%%

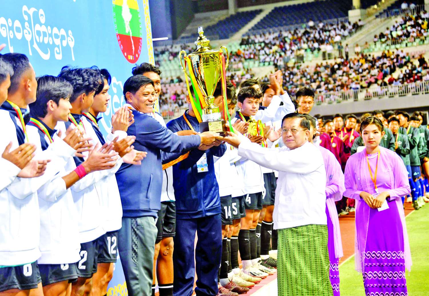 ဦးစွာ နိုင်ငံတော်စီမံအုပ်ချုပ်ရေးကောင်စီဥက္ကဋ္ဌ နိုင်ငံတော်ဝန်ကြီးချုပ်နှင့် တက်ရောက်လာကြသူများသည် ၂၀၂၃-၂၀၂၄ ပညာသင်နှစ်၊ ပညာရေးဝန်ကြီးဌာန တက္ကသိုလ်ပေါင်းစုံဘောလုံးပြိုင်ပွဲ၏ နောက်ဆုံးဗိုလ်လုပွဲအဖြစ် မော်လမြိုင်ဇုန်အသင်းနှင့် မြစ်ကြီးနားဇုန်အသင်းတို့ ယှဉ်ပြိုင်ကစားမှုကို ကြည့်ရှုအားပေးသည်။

%%
%%

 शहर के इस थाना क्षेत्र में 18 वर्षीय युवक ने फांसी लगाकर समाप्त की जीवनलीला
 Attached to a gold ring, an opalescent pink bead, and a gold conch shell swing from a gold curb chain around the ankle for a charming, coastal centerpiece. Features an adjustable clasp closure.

%%

**GOAL OF THE EXERCISE:**
Please return only the lines above, starting at the line that has "शहर के इस थाना" and ending at the line that has "Attached to a", keeping both and leaving each one unchanged.

**SOLVED EXERCISE:**
 शहर के इस थाना क्षेत्र में 18 वर्षीय युवक ने फांसी लगाकर समाप्त की जीवनलीला
 Attached to a gold ring, an opalescent pink bead, and a gold conch shell swing from a gold curb chain around the ankle for a charming, coastal centerpiece. Features an adjustable clasp closure.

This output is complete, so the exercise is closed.